Personalized coupons that show up on your phone. In-store product recommendations based on things you browsed online. Facial recognition technology that helps salespeople know who you are as soon as you walk into a store.
Some of this is kind of cool, and some is downright creepy. But in this new age of digitally-enhanced shopping and saving, where do you draw the line?
That’s the question that retail personalization company RichRelevance put to shoppers, in its new “Creepy or Cool” survey. And it found that some new technologies are more readily embraced than others.
Mobile phones have rapidly become must-have shopping accessories for many consumers, and they’re open to new ways that they can use their phones to save money. Nearly three-quarters of survey respondents said they use their mobile phone while shopping in a physical store. That percentage soars to 84% among Millennials (ages 18-29).
But increasingly, shopping with a mobile phone in hand means walking “a fine line between an elevated – or an eerie – experience,” the report’s authors found. “While American consumers expect to use their mobile phones as part of the store experience, they are most open to mobile and digital innovations that allow them to choose when and how to engage.”
So among the features considered “cool” are things that shoppers can control themselves. 79% liked being able to scan a product on a mobile device in order to learn more about it.
But the “cool” factor begins dropping precipitously, the less control shoppers feel that they have over their own phone. Just over half said they’d find it “cool” if, when leaving the store, they received a digital coupon for a product they looked at but didn’t buy. 40% would like information, recommendations and discounts to appear on their phone based on their location in the store. And just 32% thought it would be “cool” if a salesperson could make suggestions based on what the shopper had browsed and bought online and in the store.
And we haven’t even gotten to the “creepy” part yet.
Some stores are experimenting with facial recognition technology, that can identify you – either demographically or individually – and trigger product recommendations or discounts as a result. Many shoppers said that’s going a little too far – two-thirds rated that as “creepy”. About the same percentage were creeped out at the idea of having a salesperson greet them by name when they entered the store, because their mobile phone signaled their presence.

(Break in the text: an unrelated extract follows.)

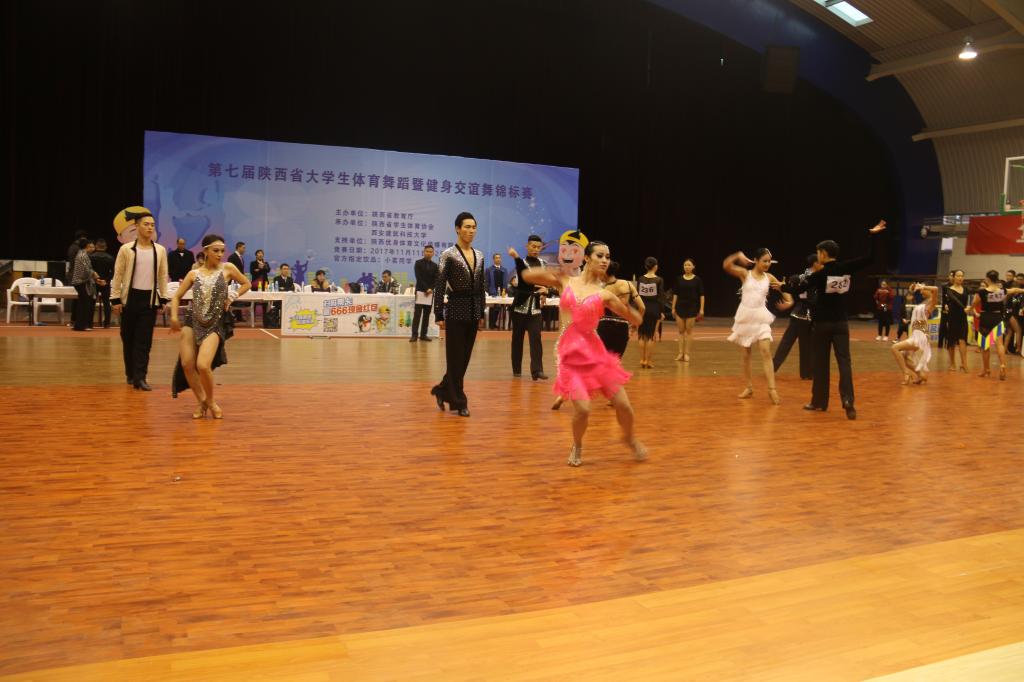 1111日,由省教育厅主办,省学生体育协会、西安建筑科技大学承办的第七届陕西省大学生体育舞蹈暨健身交谊舞锦标赛在西安建筑科技大学(雁塔校区)体育馆举行。本次比赛有来自全省的二十六个高校代表队800多人参赛。

A separate survey recently found that two out of three shoppers were not interested in being tracked in stores, in order to receive coupons or discounts. And one out of three said they will “never” opt in to such an offering. Many “find it creepy,” the Walker Sands Communications report read, which will be “difficult for retailers to overcome.”
That report predicted that some of the holdouts will come around, if the offers are worth it. “In most cases, a discount or better in-store experience would persuade them to give the technology a try.”
But the RichRelevance report says it has more to do with having the power to opt in – or out. “Shoppers think it is cool to get digital help finding relevant products and information – on their own terms when they choose to engage,” said RichRelevance CMO Diane Kegley. “However, they are creeped out by digital capabilities that identify and track without a clear value offered in return.”
So just because something can be done, doesn’t necessarily mean that brands and retailers should do it. Coupons sent to your phone based on where you are in the store? Maybe. In-store kiosks and candy shelves that scan your face to determine what kind of coupons to give you? Maybe not.
Gone are the days when couponing only involved cutting out little pieces of paper. It’s a brave new world out there now. And whether that world turns out to be cool, or creepy – only time, and technology, will tell.